ALL THAT REMAINS Frontman: 'Every Time We've Done Something We're Not Supposed To Do, It's Worked Out Really Well For Us'
September 2, 2017
Ace of RockRevolt Magazine recently conducted an interview with ALL THAT REMAINS frontman Phil Labonte. You can listen to the entire chat below. A few excerpts follow (transcribed by BLABBERMOUTH.NET).
On the band's cover of Garth Brooks's country hit "The Thunder Rolls":
Phil: "I didn't get into Garth Brooks for a long, long, long time. When I was a kid growing up, but not really a kid-kid, but when I was a teenager and older, about the only thing me and my mom could agree on, was Garth Brooks. To me, that was not too bad and she was into country so that was the only thing we could get in the car and listen to together. I loved the song for a long time. I've been kinda itching to do it for a while and I brought it up to the guys a few times. Either we didn't do a cover, or it was outvoted or whatever, but this time I was going 'We got to do this.' Howard [Benson], our producer, was into it and our manager was into it, too. We were like, 'All right, let's do it.' It came out cool."
On the band's willingness to embrace multiple styles and genres at once:
Phil: "That's kind of what we've always done. There's people who are going to say they don't like that, that we should only do one thing. We'll just say, 'Well, start your own band.' [Laughs] That's really what it is. We're musicians before we're anything else. So, we want to do something different and we have the right to do it and we got people that are in the band who are skilled enough to be able to write stuff in different styles. We're not afraid to take a risk. That's what you get."
On addressing the accusations the band is a "sell-out" for moving away from its original metalcore sound:
Phil: "I understand why people stick to one thing. You got an audience and you feel like you owe the audience a certain thing. I totally get that. I also get why people say 'sell-out.' Because they're like 'This band used to be heavy.' Or, 'This band used to be ideological' or whatever the person calling you a sell-out is whatever they think you sold out for. Now, it's doing something different than they would have done or something different than the purists would have approved. So the motivation must have been money. I don't subscribe to that. People, human beings in general, are way more nuanced than that. It's that we're in a band, we play for a living. Every time we've done something we're not supposed to do, it's worked out really well for us. When we put out a heavy record in 2006 called 'The Fall Of Ideals', two years later, we had a song that was kind of a radio rock song. We got a lot of hell for that. You're not supposed to do that if you're a 'metal band.' That did well. A few years later, we put out a real ballad, like an actual, power-ballad, an '80s-style power ballad. We got a lot of garbage for that. We're not supposed to do that, but that song has 40 million views on YouTube and was number two at rock radio forever. When we try something and try to do something that's different from what we've done, historically, it's worked out pretty well. People can say what they want, but, we've managed to make a career out of it for well over a decade. The music industry has died around us. In the hardest time to be in the music industry, we've managed to make a career and do pretty well. I'm pretty excited about things that are going on with ALL THAT REMAINS."

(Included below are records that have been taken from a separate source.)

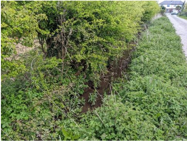
Mancot Brook - Downstream Reach
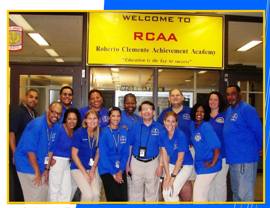
AA faculty and staff
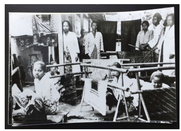
Fig. 16: Recto: First of three photographs glued on each other. All of them: b&w photographs, paper, 12.9 x 8.8 cm, without further information.

Descriptive information on the photograph's backside: "Neg. 23/74, Pembuatan Batik di Yogya" (English: Batik Making in Yogya).
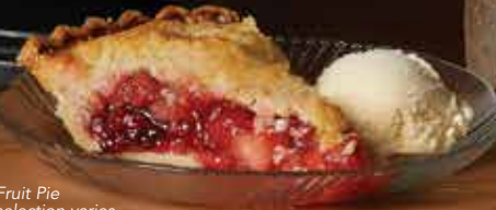
Fruit Pie selection varies
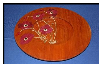
Ian Cameron—3rd Place

On ALL THAT REMAINS's upcoming live dates with FIVE FINGER DEATH PUNCH, a band Labonte filled in for last year while singer Ivan Moody attended rehab:
Phil: "We've played a couple shows with them this past weekend and stuff. They're all great guys, all really cool, nice dudes. They're all good friends. It's a lot of fun when we can play with them. They called me up and I did a song with them [for] a couple nights. If they ask me again, I'll go and do a song with them again. They're a big band and they bring in a lot of people. Any time we can get in front of their audience, it's really great for us. It's all good stuff."
On whether ALL THAT REMAINS has started writing new material:
Phil: "Funny enough, we actually have. Me and Mike [Martin, guitar] and Oli [Herbert, guitar] got together a couple of times. We don't have anything that we've worked out, but we did get together and came up with some riffs and stuff. So, we'll see how that goes and if we get any songs put together before it's time to start writing for the record. We usually focus on just promoting the record we're on at the time. The fact that we even got together and played each other a couple of riffs is a step in the right direction for us."
ALL THAT REMAINS is continuing to tour in support of its latest album, "Madness", which was released on April 28 via Razor & Tie in the U.S. and Eleven Seven Music in Europe. The disc was recorded at West Valley Studios in Woodland Hills, California with producer Howard Benson, who has previously worked with such acts as MOTÖRHEAD, PAPA ROACH, THREE DAYS GRACE, FLYLEAF, P.O.D. and HALESTORM.